> WHAT IS BEING ASKED
Write out the records word for word, with no pictures.

─── EXERCISE INPUT

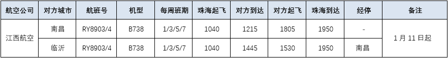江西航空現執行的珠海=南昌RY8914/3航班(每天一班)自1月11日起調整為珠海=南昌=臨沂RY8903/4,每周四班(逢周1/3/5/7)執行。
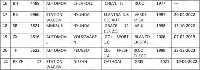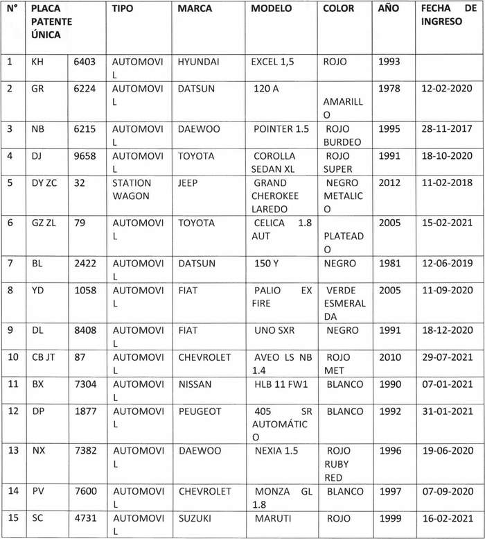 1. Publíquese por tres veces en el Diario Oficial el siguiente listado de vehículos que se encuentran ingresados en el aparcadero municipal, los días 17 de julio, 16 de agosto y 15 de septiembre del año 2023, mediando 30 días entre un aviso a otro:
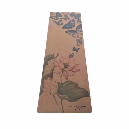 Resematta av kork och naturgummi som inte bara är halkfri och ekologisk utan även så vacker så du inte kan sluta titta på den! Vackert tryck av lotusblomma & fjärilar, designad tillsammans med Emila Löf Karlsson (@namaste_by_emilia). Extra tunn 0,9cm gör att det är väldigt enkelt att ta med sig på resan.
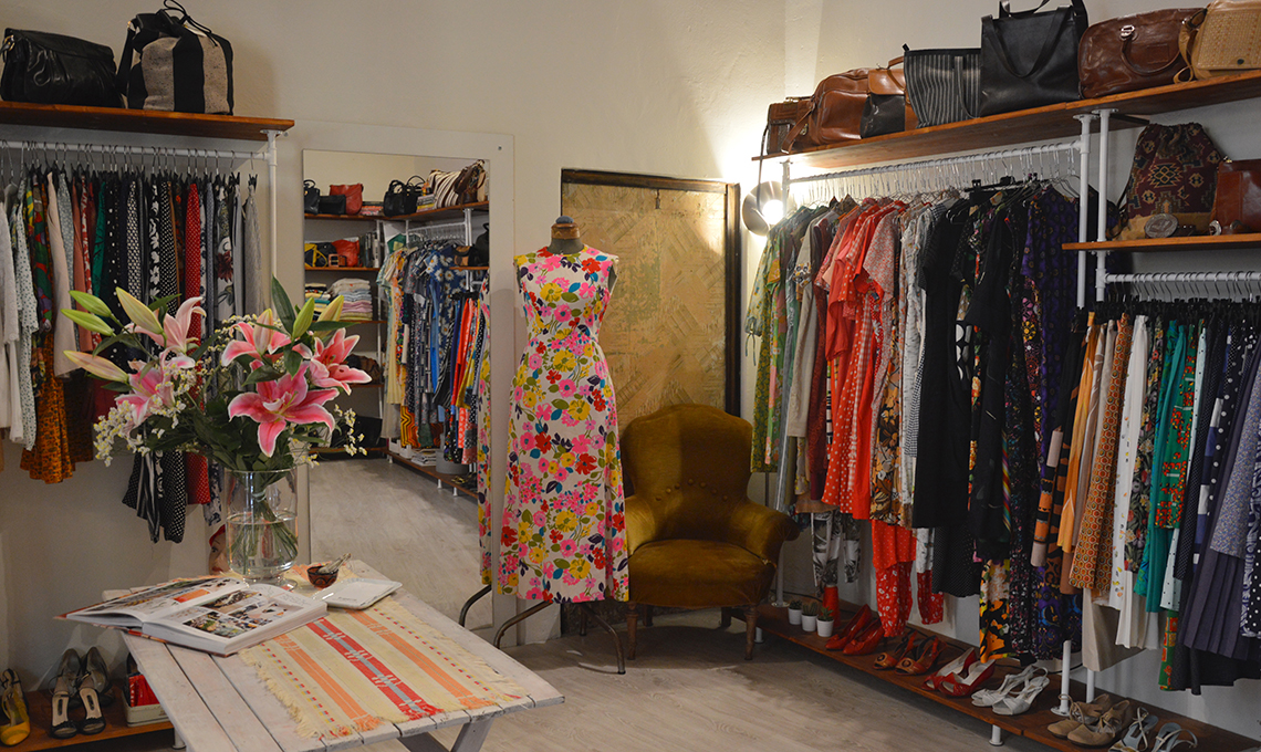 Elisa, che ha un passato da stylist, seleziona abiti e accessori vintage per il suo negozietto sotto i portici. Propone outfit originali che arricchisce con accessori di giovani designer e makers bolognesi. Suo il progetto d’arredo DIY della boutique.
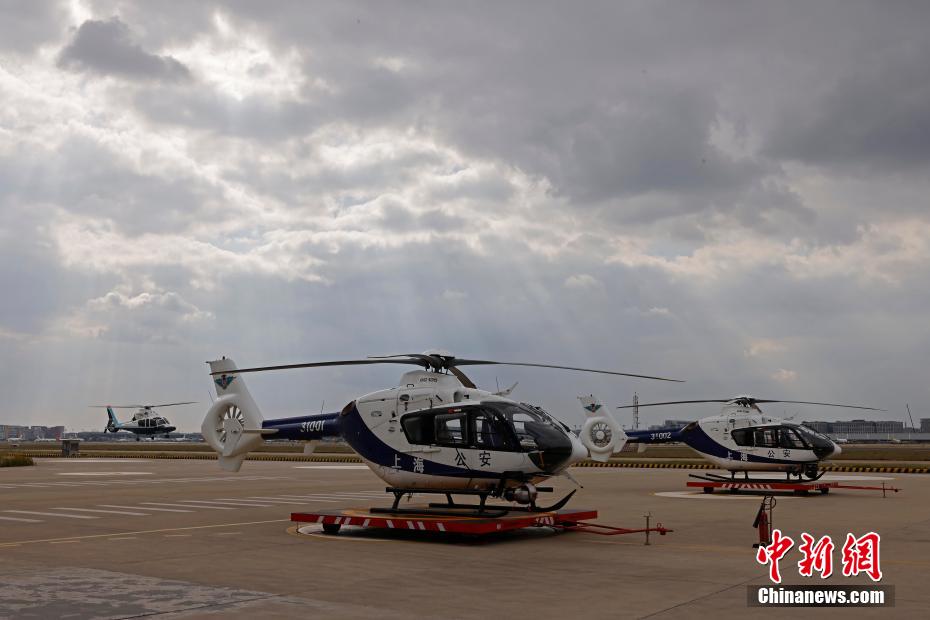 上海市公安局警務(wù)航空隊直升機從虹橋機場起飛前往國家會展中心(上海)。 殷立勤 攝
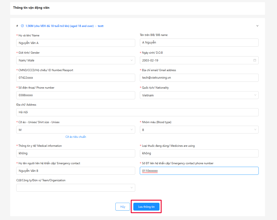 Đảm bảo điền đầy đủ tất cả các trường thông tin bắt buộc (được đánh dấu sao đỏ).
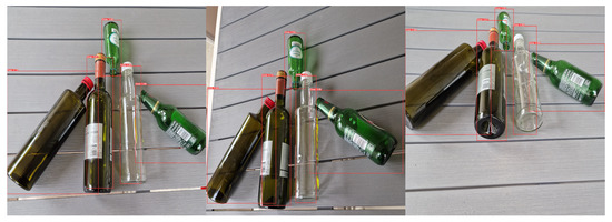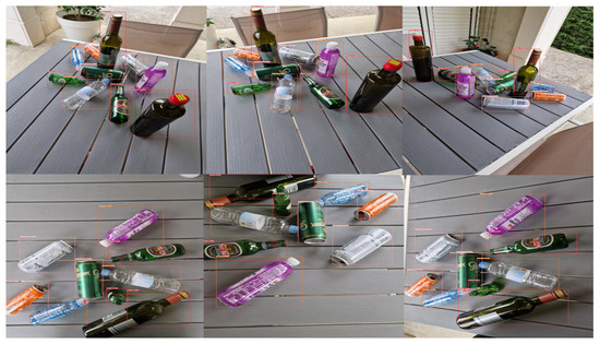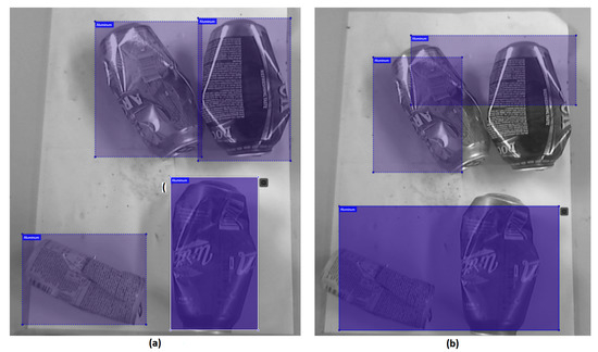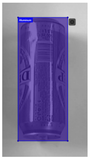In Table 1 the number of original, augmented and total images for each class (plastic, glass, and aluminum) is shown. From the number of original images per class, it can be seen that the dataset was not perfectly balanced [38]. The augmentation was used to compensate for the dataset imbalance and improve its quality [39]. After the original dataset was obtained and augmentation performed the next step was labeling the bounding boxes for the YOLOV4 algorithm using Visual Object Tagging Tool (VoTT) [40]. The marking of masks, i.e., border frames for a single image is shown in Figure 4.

──────

> SOLUTION TO THIS EXERCISE
江西航空現執行的珠海=南昌RY8914/3航班(每天一班)自1月11日起調整為珠海=南昌=臨沂RY8903/4,每周四班(逢周1/3/5/7)執行。
 1. Publíquese por tres veces en el Diario Oficial el siguiente listado de vehículos que se encuentran ingresados en el aparcadero municipal, los días 17 de julio, 16 de agosto y 15 de septiembre del año 2023, mediando 30 días entre un aviso a otro:
 Resematta av kork och naturgummi som inte bara är halkfri och ekologisk utan även så vacker så du inte kan sluta titta på den! Vackert tryck av lotusblomma & fjärilar, designad tillsammans med Emila Löf Karlsson (@namaste_by_emilia). Extra tunn 0,9cm gör att det är väldigt enkelt att ta med sig på resan.
 Elisa, che ha un passato da stylist, seleziona abiti e accessori vintage per il suo negozietto sotto i portici. Propone outfit originali che arricchisce con accessori di giovani designer e makers bolognesi. Suo il progetto d’arredo DIY della boutique.
 上海市公安局警務(wù)航空隊直升機從虹橋機場起飛前往國家會展中心(上海)。 殷立勤 攝
 Đảm bảo điền đầy đủ tất cả các trường thông tin bắt buộc (được đánh dấu sao đỏ).
In Table 1 the number of original, augmented and total images for each class (plastic, glass, and aluminum) is shown. From the number of original images per class, it can be seen that the dataset was not perfectly balanced [38]. The augmentation was used to compensate for the dataset imbalance and improve its quality [39]. After the original dataset was obtained and augmentation performed the next step was labeling the bounding boxes for the YOLOV4 algorithm using Visual Object Tagging Tool (VoTT) [40]. The marking of masks, i.e., border frames for a single image is shown in Figure 4.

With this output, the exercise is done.